■ WHAT IS EXPECTED ■
Please output the section of the listing below that opens with the line containing "- Une cuisine" and closes with the line containing "This rustic summer", exactly and with nothing else.

■ STUDY MATERIAL ■
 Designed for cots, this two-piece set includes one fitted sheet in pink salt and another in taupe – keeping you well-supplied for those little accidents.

...

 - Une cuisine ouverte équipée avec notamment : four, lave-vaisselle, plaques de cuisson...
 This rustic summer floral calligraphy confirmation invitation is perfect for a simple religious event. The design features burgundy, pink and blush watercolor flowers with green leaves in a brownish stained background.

■ COMPLETED EXERCISE ■
 - Une cuisine ouverte équipée avec notamment : four, lave-vaisselle, plaques de cuisson...
 This rustic summer floral calligraphy confirmation invitation is perfect for a simple religious event. The design features burgundy, pink and blush watercolor flowers with green leaves in a brownish stained background.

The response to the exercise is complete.